Your AI Prompts Need a 1920s Upgrade

You can get shockingly better results from your AI by using principles from a 100-year-old advertising book. I stumbled across this concept and it completely reframed how I think about getting actionable outputs. A LinkedIn user shared an incredible guide on applying Claude Hopkins’ Scientific Advertising laws from the 1920s directly to AI prompting, and the results are fantastic!

The core idea is simple but powerful. Hopkins believed advertising should be a science built on measurable, verifiable results: no fluff, no vague promises. This innovator realized you can use these same principles to force AI to cut through the noise and give you concrete, data-driven answers. It’s like turning your AI into a ruthlessly accountable consultant who only cares about what works. This approach removes the guesswork and focuses on impact.

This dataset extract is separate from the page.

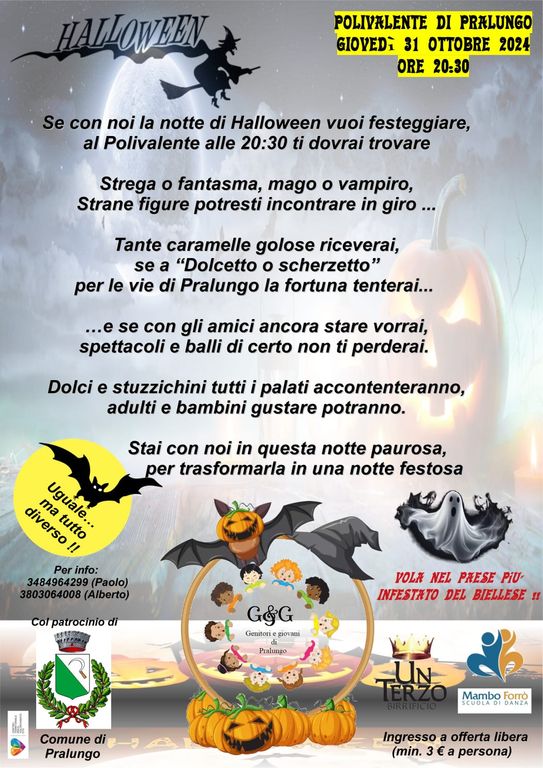 La sera di Halloween, alle 20.30 del 31 ottobre, al Polivalente di Pralungo, ci sarà la possibilità di fare “Quat Pass per Pralungh” tra le vie del paese per cercare mostri, fantasmi e zombie.

Here are a few of the key insights the post’s author shared that I found super useful:

📌 Focus on Proof, Not Fluff

Instead of asking for general advice, command the AI to deliver hard data. This immediately strips away all the motivational filler and gets you to the core of what actually works. Try asking the AI something like: “Give me only facts that can be measured and verified about learning Spanish in 6 months.” You won’t get vague encouragement; you’ll get benchmarks, specific retention rates, and proven methods.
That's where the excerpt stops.